(Beginning of Raw data)

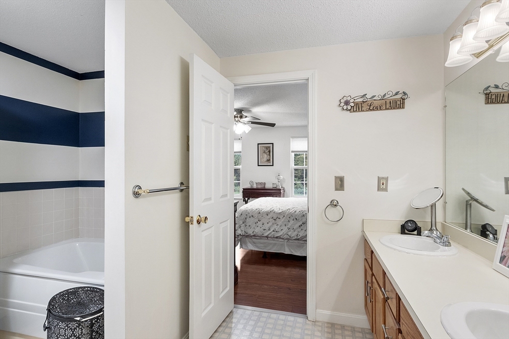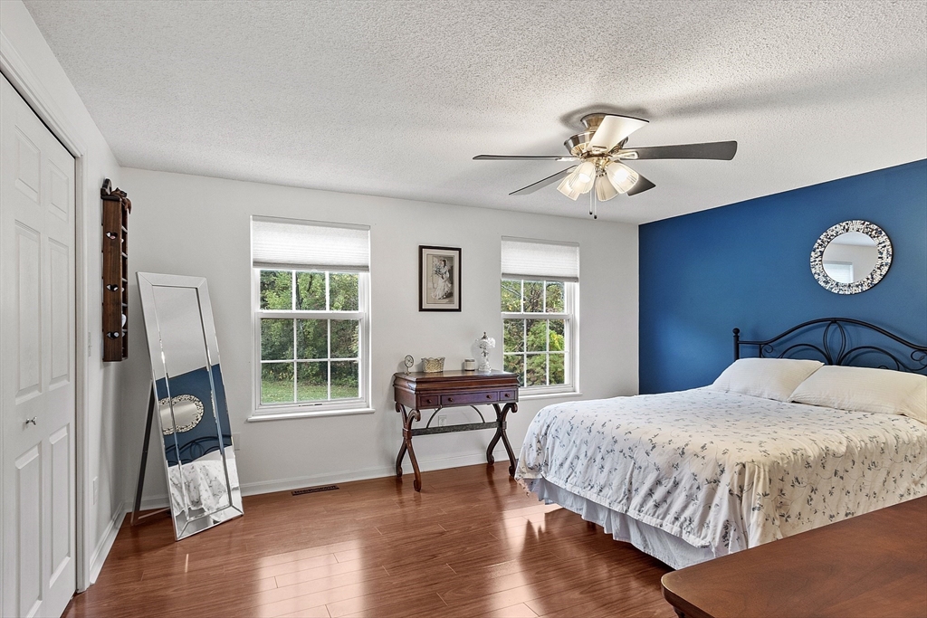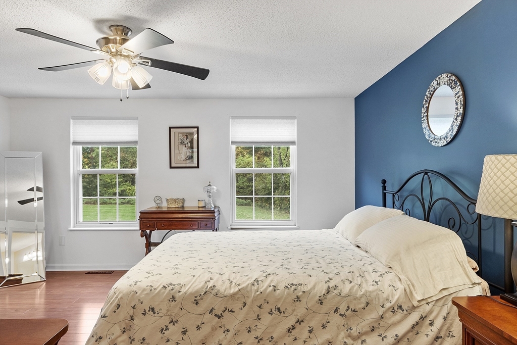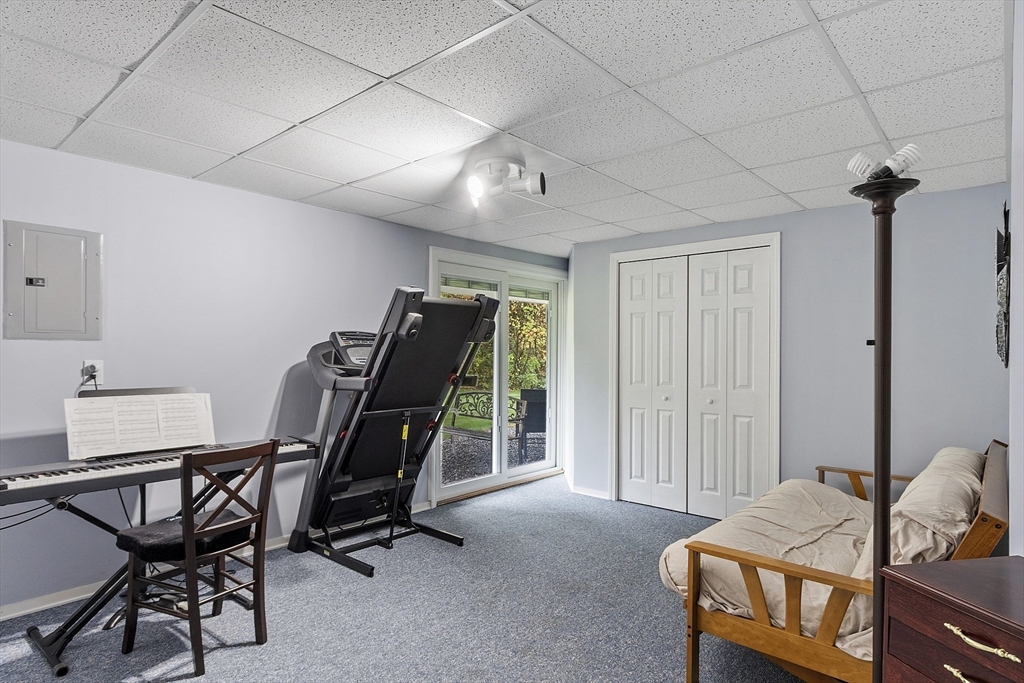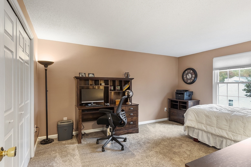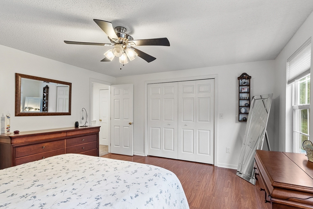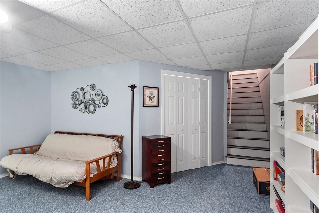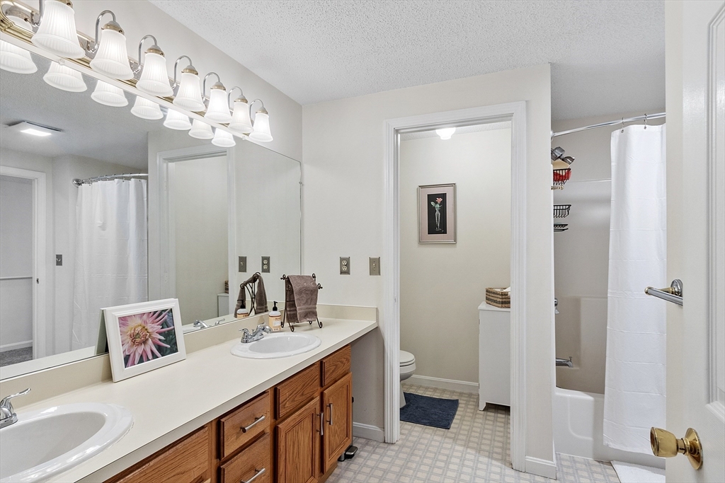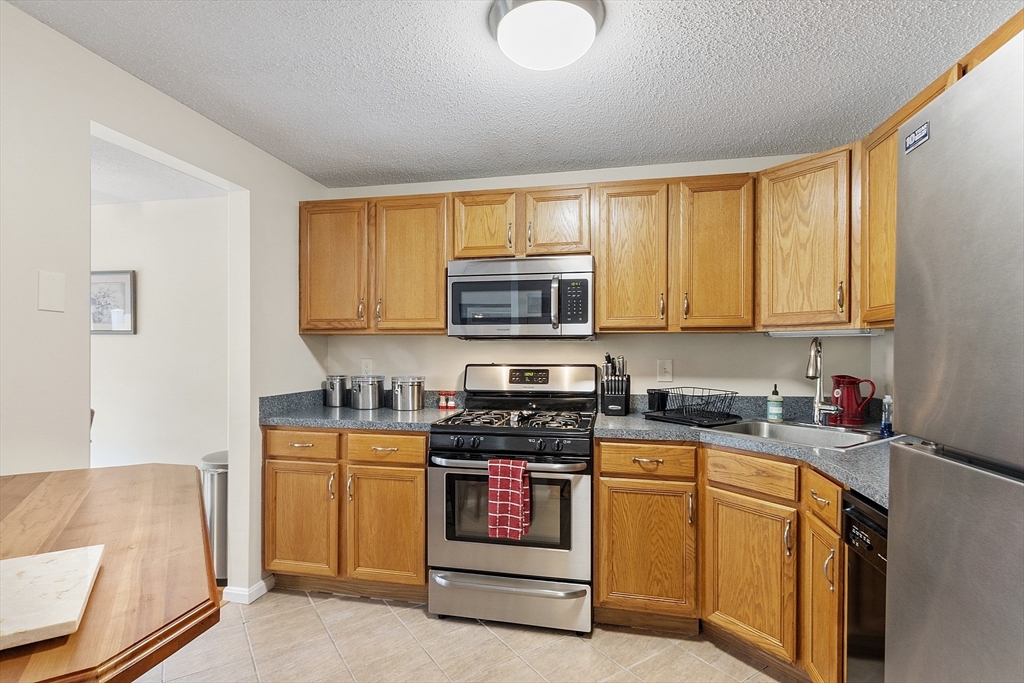 Welcome home to this beautifully maintained townhouse in the desirable Chapman Place community! The main level of this 2 bed 1.5 bath home features an inviting open concept living and dining area with gleaming hardwood floors and a cozy fireplace- perfect for relaxing or entertaining. Enjoy your private deck with beautiful views of the manicured landscaping and forest with continuous wildlife. The kitchen has tile flooring, modern appliances, and ample cabinet space. Upstairs offers two generous bedrooms, including primary with walk in closet and adjoining bath with double vanity and soaking tub. The partially finished lower level provides a versatile bonus space for a family room, office, or gym with walk out. Basement also includes ample storage space and in-unit laundry. An attached one-car garage adds year round comfort. Located just minutes from shopping, restaurants and main commuter routes (Rts 2 & 190) this is the perfect blend of comfort and convenience.
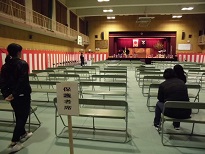 先週から少しずつ行ってきた準備の総仕上げです。南中学校の先生たちがはりきって床をみがき、紅白の幕をはりめぐらし、準備を整えました。その後、先生たちが見守る中、代表者のひとたちの送辞と答辞、ピアノ伴奏の練習を行いました。
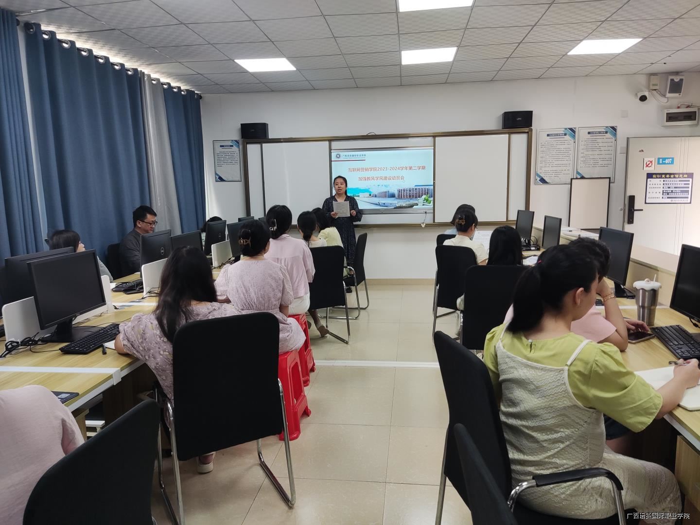 为深入学习贯彻党的二十大精神和习近平总书记关于教育的重要论述,提高教师认识教风学风建设的重要性和必要性🌎,互联网营销学院于2024年5月13日组织分院全体教师召开教风学风建设动员大会。本次会议由互联网营销学院院长助理胡莹主持🙅🏽♂️。

(End of Raw data)

### [How to complete this task]
What is needed is an exact transcription of the lines from the one holding "先週から少しずつ行ってきた準" to the end of the data, with every picture left out.

### [Exercise response]
 先週から少しずつ行ってきた準備の総仕上げです。南中学校の先生たちがはりきって床をみがき、紅白の幕をはりめぐらし、準備を整えました。その後、先生たちが見守る中、代表者のひとたちの送辞と答辞、ピアノ伴奏の練習を行いました。
 为深入学习贯彻党的二十大精神和习近平总书记关于教育的重要论述,提高教师认识教风学风建设的重要性和必要性🌎,互联网营销学院于2024年5月13日组织分院全体教师召开教风学风建设动员大会。本次会议由互联网营销学院院长助理胡莹主持🙅🏽♂️。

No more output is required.